The present drawing was used by Boucher on no less than five occasions in his Chinoiseries in the late 1730's and early 1740s. It appears in the design of two tapestries, Le Festin de l'Empereur de Chine and La Danse Chinoise, commissioned by the Manufacture de Beauvais and exhibited at the Salon of 1742. The Manufacture wanted to renew the cartoons of their Chinoiseries which dated from the 1690s with designs by Vernasal, Blin de Fontenay and Monnoyer. Boucher had been asked to collaborate with the Manufacture de Beauvais which was in fierce competition with the Manufacture des Gobelins. Success was immediate, and a set of the new tapestries was sent to the Emperor of China.
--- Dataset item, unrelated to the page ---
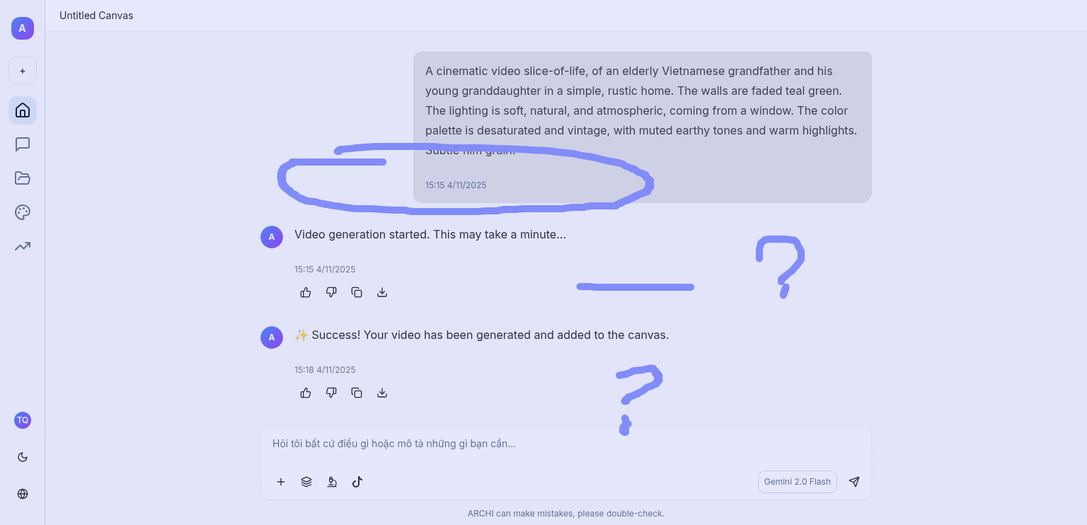 Lúc em tạo xong thì xuất ảnh ra canvas, em lỡ ấn tắt canvas thì ở box chat cũng mất ảnh đã tạo, không xem lại ảnh được

It was, however, not the first time that Boucher made use of this drawing. It had been engraved with numerous differences in reverse by Huquier in Le Carillon, one of a series of twelve prints entitled Scènes de la vie chinoise, possibly dating from around 1737, P. Jean-Richard, L'Oeuvre gravé de François Boucher dans la Collection Edmond de Rothschild, Paris, 1978, no. 1125, illustrated. The figure was re-used a few years later in Le concert chinois, a print by Aveline from a series of five Chinese subjects, P. Jean-Richard, op. cit., no. 198, illustrated. The vogue for Chinoiseries was immense at the beginning of the 18th Century; it was even described by the Goncourt brothers as trying to turn 'China into one of the regions of Rococo'. Boucher first came into contact with Chinoiseries when he made engravings of Figures chinoises, after Watteau, in 1731 for the Figures de différents Caractères. He later provided seven drawings for a suite of Figures chinoises and six for another of Chinoiseries, both engraved by Huquier, and six more drawings for a series of the same subject, engraved by Ingram. Saint Yves, speaking about Boucher's taste for Chinoiseries, complained that: 'Ceux qui s'intéressent à lui, craignent donc que l'étude habituelle du goût chinois, qui parait être la passion favorite de M. Boucher, n'altère enfin la grâce de ses contours. Il n'aurait plus la même douceur, s'il continuait à dessiner des figures de ce genre', A. Laing, François Boucher, exhib. cat., The Metropolitan Museum of Art, New York and elsewhere, 1986, p. 202.
In the 1740s, Boucher was at the peak of his career and was submerged with commissions. It was therefore common practice for him to use his drawings more than once. A drawing of a Woman seen from behind sold in these Rooms, 4 July 1995, lot 133, was first drawn for an overdoor of L'Education de Cupide and later integrated in a tapestry design of La Toilette de Psyché also woven by the Manufacture de Beauvais. Eventually Demarteau engraved the design adding a hand. Similarly a drawing of A Girl lifting her Apron sold at Christie's, New York, 30 January 1997, lot 150, was first made for the picture La Belle Cuisinière of circa 1735 and re-used in the print Des radis, des raves in the Cris de Paris series of 1737.
The seated Chinese girl eventually re-appeared in a decorative panel dated 1742 now in the Earl of Chichester's collection at Little Durnford Manor, Wiltshire, A. Laing, op. cit., p. 205, fig. 146.
The attribution of the drawing to Boucher has been kindly confirmed by Alastair Laing.